« Le ras le bol fait que l'on est obligé de déposer un recours », explique Michel Aloiké, chef coutumier du village de Taluen (Guyane). Ce représentant de la culture wayana, accompagné de Linia Opoya, présidente de l'Association des victimes du mercure sur le Haut-Maroni, et de cinq autres associations (1) , ont déposé, ce mercredi 17 janvier, une requête devant le tribunal administratif de Cayenne pour contraindre l'État à agir dans la lutte contre l'orpaillage illégal et réparer les préjudices environnementaux résultant de cette activité clandestine.

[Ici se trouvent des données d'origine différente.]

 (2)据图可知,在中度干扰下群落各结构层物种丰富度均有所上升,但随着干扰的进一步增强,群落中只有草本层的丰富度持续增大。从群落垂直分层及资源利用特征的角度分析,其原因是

Le dépôt de ce recours judiciaire fait suite au silence gardé par la préfecture sur la demande préalable que les associations lui avaient adressée, le 16 octobre dernier, en vue de faire respecter le droit et de réviser de façon urgente les moyens d'action existants. « Les manquements notoires des services de l'État dans leur lutte contre l'orpaillage illégal sont à l'origine de la destruction effrénée des écosystèmes du Haut-Maroni, de conditions sécuritaires dramatiques et d'un scandale sanitaire lié à la surexposition des communautés du fleuve au mercure depuis trente ans », estiment les requérants.

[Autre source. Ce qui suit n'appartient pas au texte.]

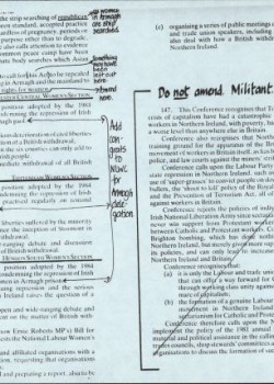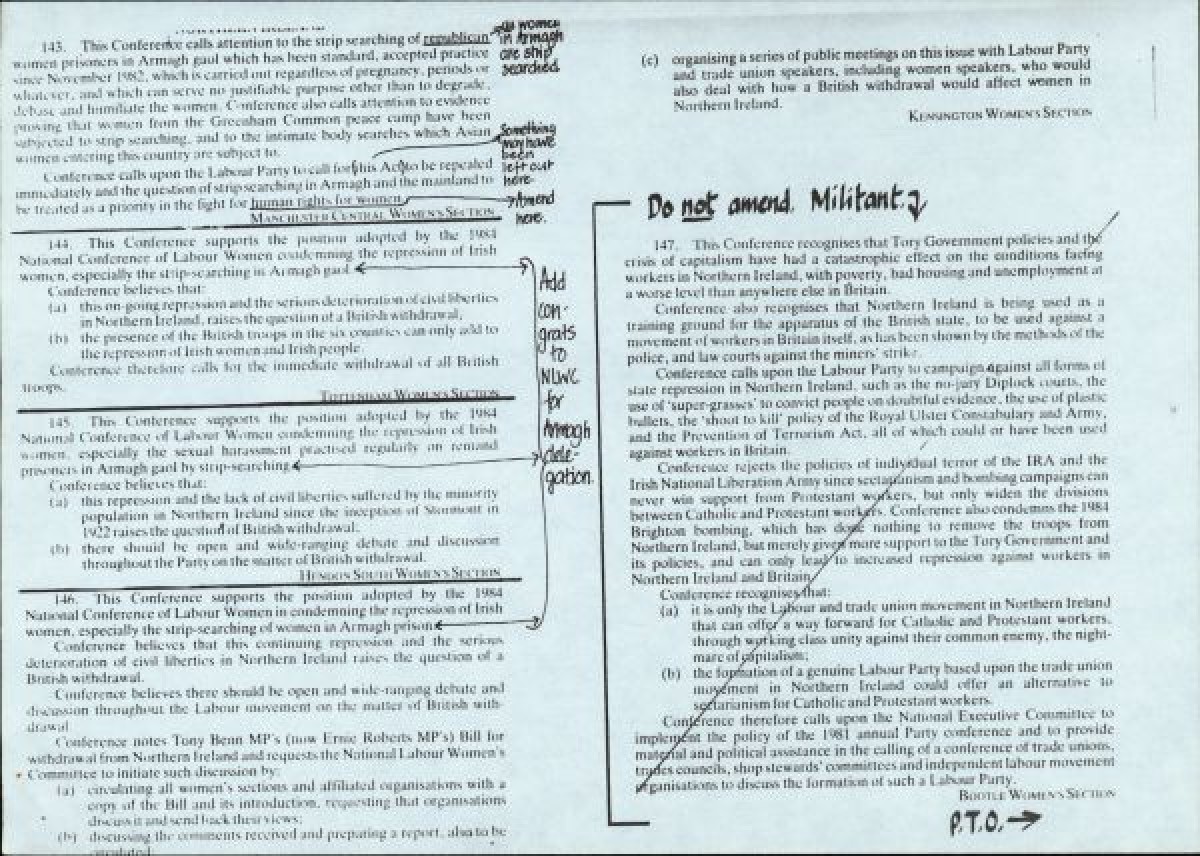 Labour Committee on Ireland, Women's Section. Contains a list of amendments for literature about an upcoming conference on the issue of Strip-Searches in Northern Ireland.

Sur le plan environnemental, l'orpaillage illégal serait à l'origine de la déforestation de 13 000 hectares depuis la création en 2007 du parc national, « pourtant censé être un outil de protection de la forêt amazonienne ». « Ce petit bout d'Amazonie va bientôt mourir », alerte Éléonore Johannès, représentante autochtone.
Carence fautive
Les requérantes souhaitent faire reconnaître la responsabilité de l'État pour carence fautive. Pour cela, elles entendent démontrer la violation de plusieurs obligations en matière de protection de l'environnement résultant de différents textes, qu'il s'agisse de la Convention de Minamata sur le mercure, de la directive-cadre sur l'eau ou du code minier. Elles soulèvent également des violations de textes et droits en matière de santé : Convention européenne de sauvegarde des droits de l'homme, droit constitutionnel de chacun à vivre dans un environnement sain, ou encore obligation générale de protection de la santé publique.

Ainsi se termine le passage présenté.